Data records
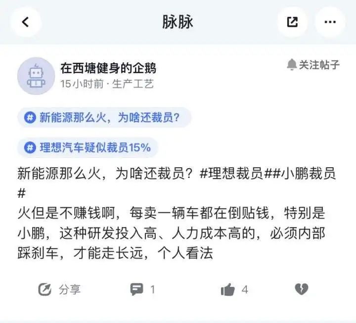 有脉脉网友认为:目前,造车新势力仍处于烧钱阶段,每卖一辆车都是在倒贴钱,高昂的研发费用和人力成本必须「内部刹车」。
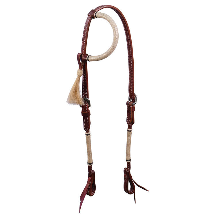 2-Ply latigo leather one ear with round natural rawhide brow/one ear and cheek pieces with dark rawhide accents, horse hair tassel and our leather tie, easy change bit keeper.
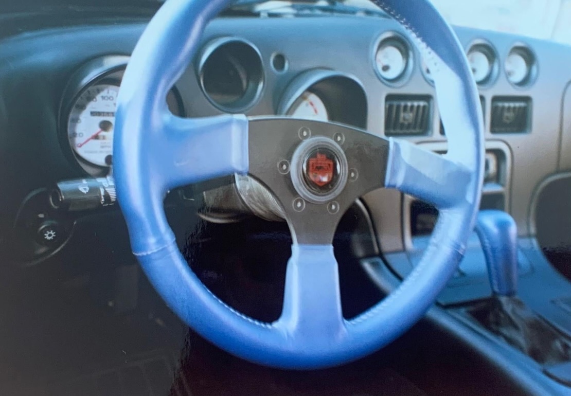Krásně žlutý DODGE VIPER RT/10 měl nezvykle modrý interier a tato nevídaná kombinace by udělala parádu i dnes.
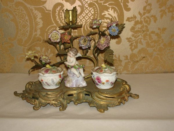 Meissen Type Inkstand W/ormolu Mounts, Single Can
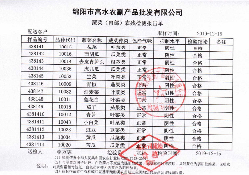高农司农残检测报告单
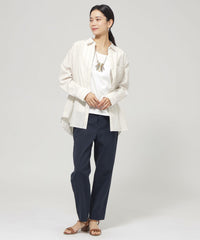 植物由来の再生繊維と綿を掛け合わせたオリジナルストライプ素材です。洗いをかけたラフな表情が魅力。細巾と太巾の2種類のストライプ柄です。春を感じさせる鮮やかなカラーで、コーディネートを華やかにみせます。
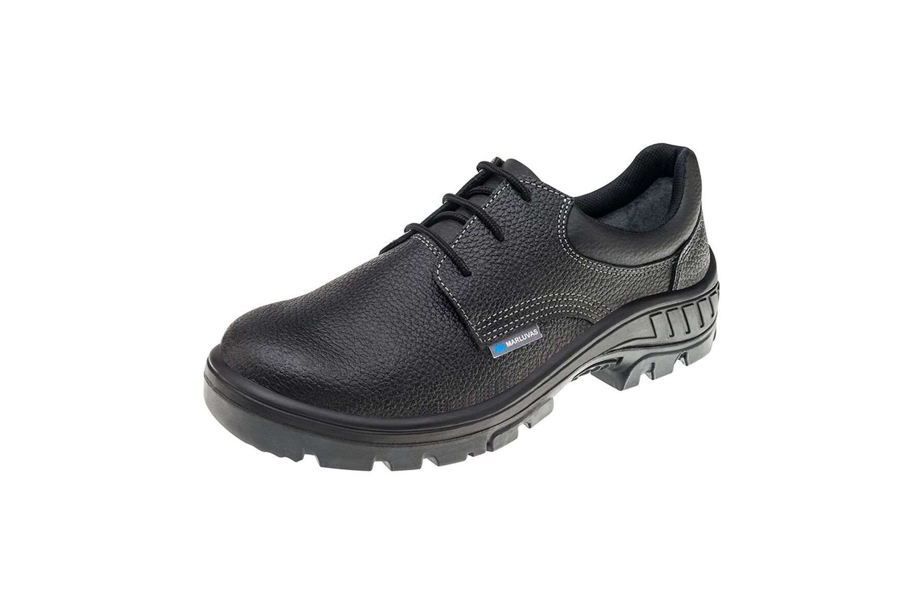 Calçado de segurança tipo sapato, fechamento em cadarço, confeccionado em couro curtido ao cromo, colarinho em material têxtil, forro da gáspea em não tecido, forro lateral em tecido, palmilha de montagem em nãotecido resinado costurado pelo sistema strobel, palmilha interna removível, biqueira de aço, solado de poliuretano bidensidade injetado diretamente no cabedal, resistente à absorção de energia na região do salto e ao óleo combustível.Certificado de Aprovação: 41426
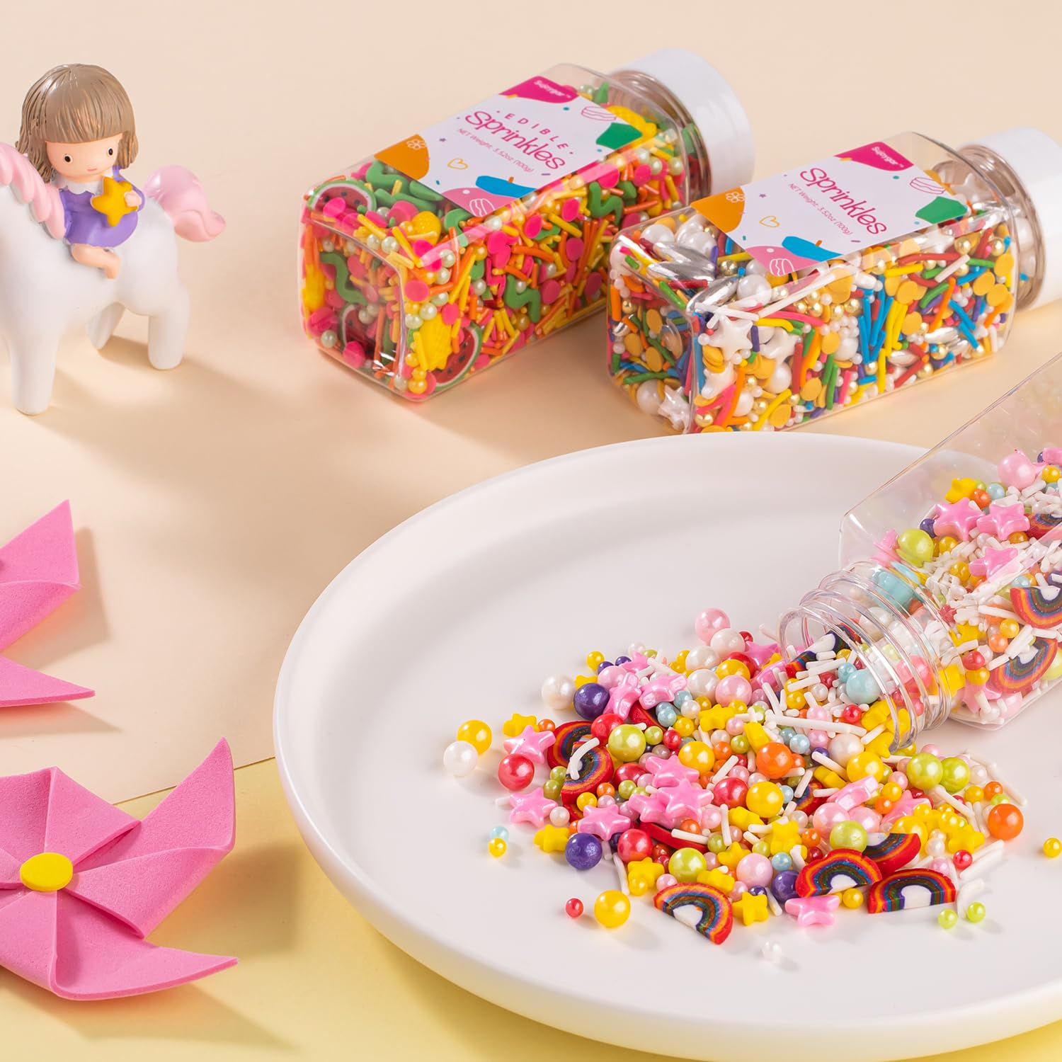 [ Rainbow Sprinkles ] Kosher Certified & Halal Certified Edible Sprinkles And 100% Msds Approved Production. Non Toxic And 100% Edible | [ Ingredients ] Glucose, Sugar, Corn Starch, Maltodextrin, Modified Starch, Cocoa Butter Substitute, Malt Syrup, Arabic Gum, Confection'S Glaze, Magnesium Stearate, Mica Based Pearl Pigment, Vanilla Essence, Carnaubawax, Colors( Blue 1, Yellow 5, Yellow 6, Red 3, Red 40, Titanium Dioxide, Caramel) | [ Sprinkles For Cake Decorating ] Take An Appropriate Amount Of Edible Sprinkles And Put It On The Backed Cake To Decorate The Chocolate, Cakes, Cupackes, Macarons, Waffles And Ice Cream | [ Shelf Life ] Shelf Life Is 24 Months, Production Date Please See The Bottle | [ Customer Service ] If You Are Not Satisfied With Our Products Or Service, Please Feel Free To Contact Us By Email In Time. We Always Do Our Best To Settle Your Problems And Inquiries
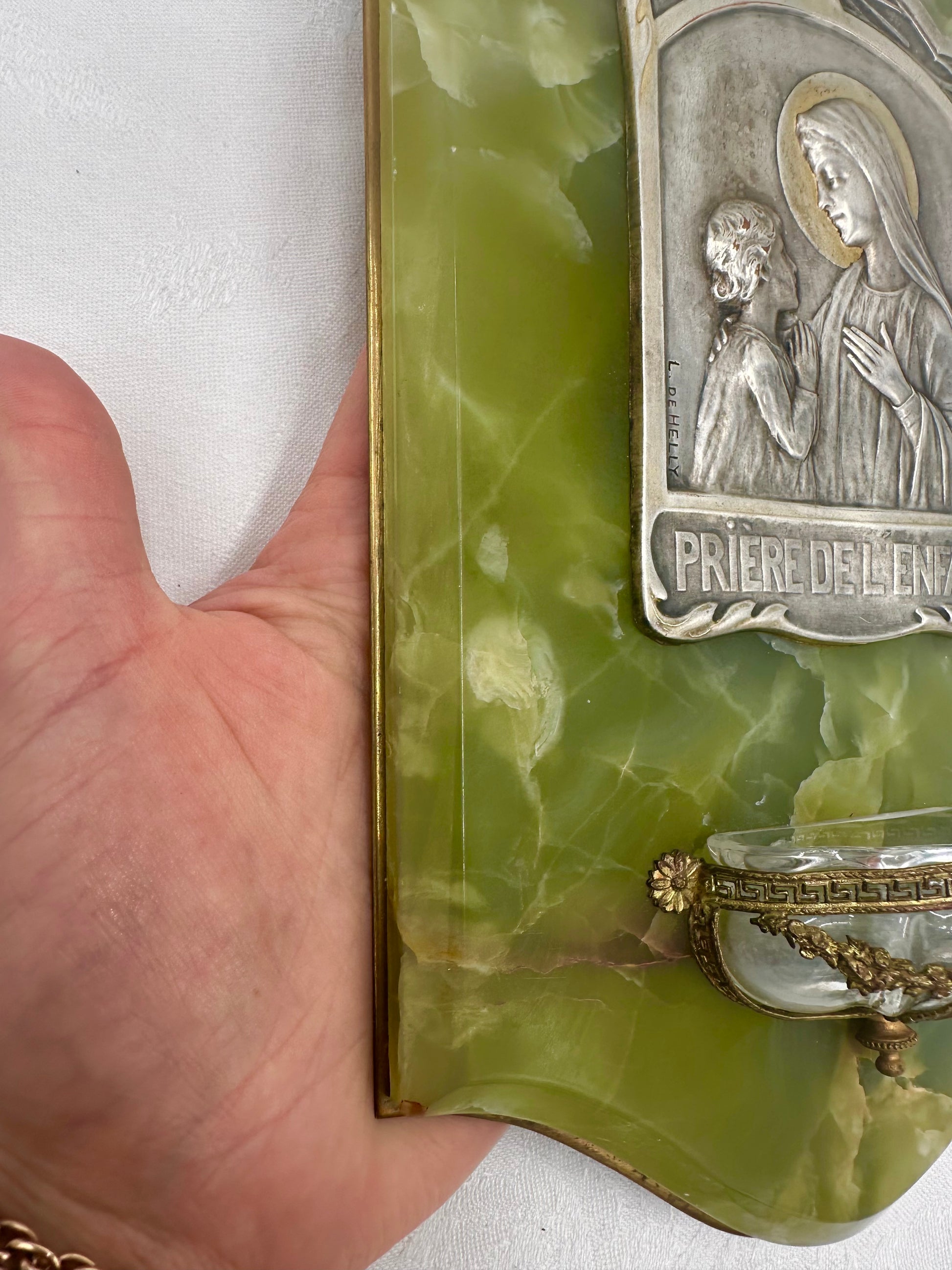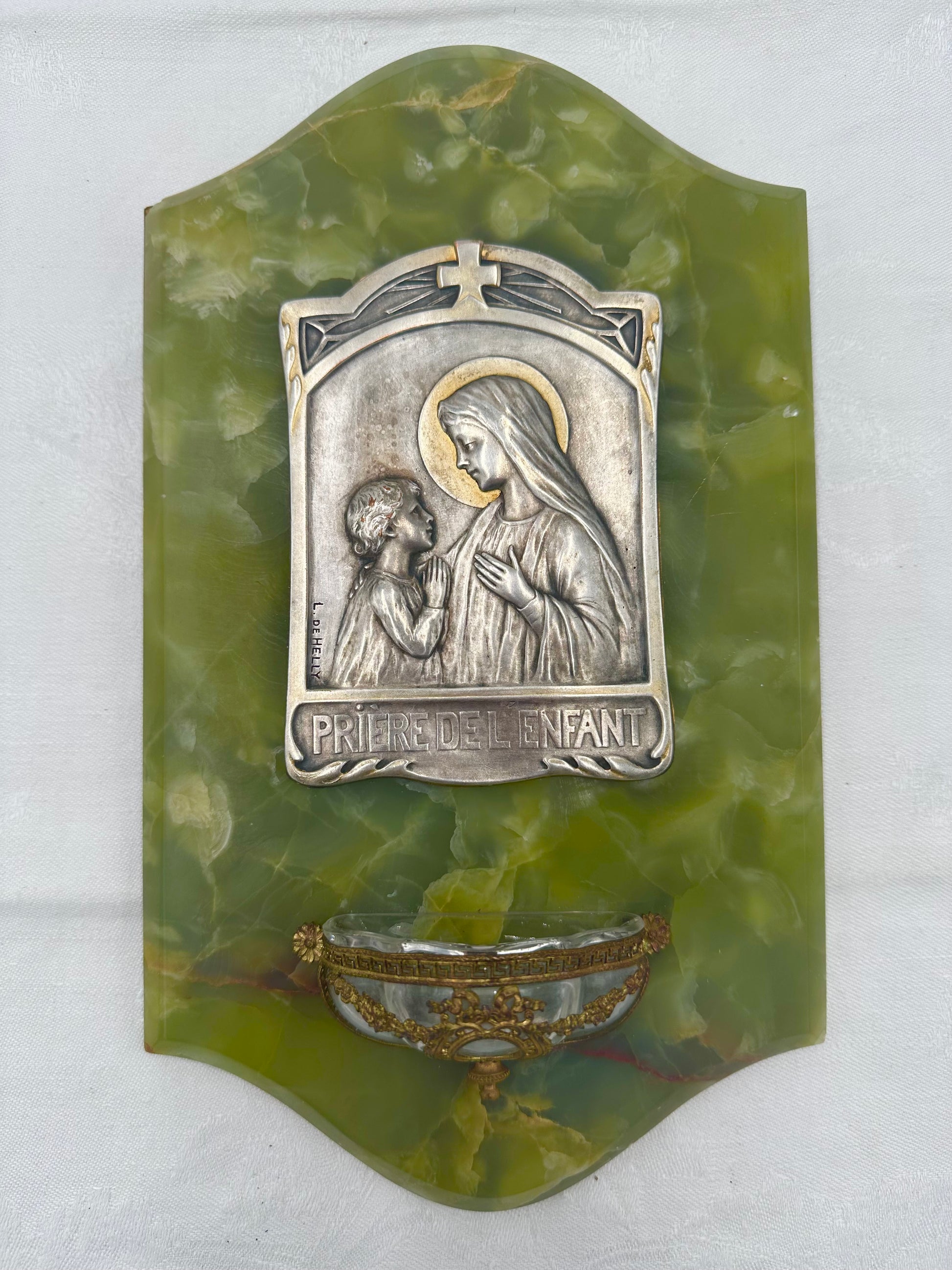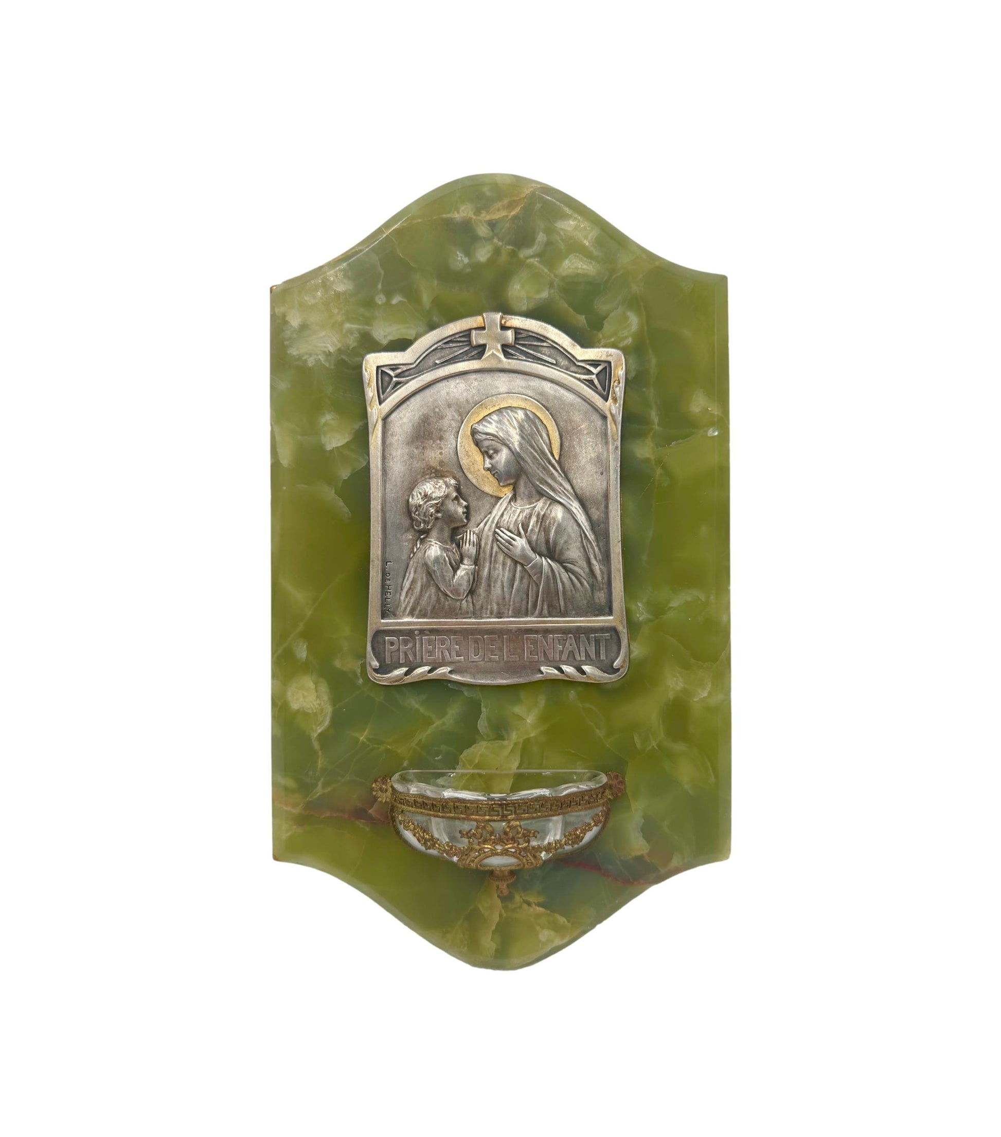 A fabulous antique wall holy water font dating to the early 20th century. The silver-plated brass plaque features a praying child in front of of Our lady Virgin Mary, the "Child's Prayer". It has been signed by the French artist L.de.Helly and is based on a gorgeous green onyx plaque. The glass water font is held by a brass mount, decorated with Louis XVI style motifs. The back is protected by a brass plaque. High quality piece with exceptional materials, handmade in France.

> EXERCISE DETAILS
Could you output exactly the lines above, from the line with "植物由来の再生繊維と綿を掛け" up to and including the line with "Calçado de segurança", and nothing else, skipping the pictures?

> ANSWER SECTION
 植物由来の再生繊維と綿を掛け合わせたオリジナルストライプ素材です。洗いをかけたラフな表情が魅力。細巾と太巾の2種類のストライプ柄です。春を感じさせる鮮やかなカラーで、コーディネートを華やかにみせます。
 Calçado de segurança tipo sapato, fechamento em cadarço, confeccionado em couro curtido ao cromo, colarinho em material têxtil, forro da gáspea em não tecido, forro lateral em tecido, palmilha de montagem em nãotecido resinado costurado pelo sistema strobel, palmilha interna removível, biqueira de aço, solado de poliuretano bidensidade injetado diretamente no cabedal, resistente à absorção de energia na região do salto e ao óleo combustível.Certificado de Aprovação: 41426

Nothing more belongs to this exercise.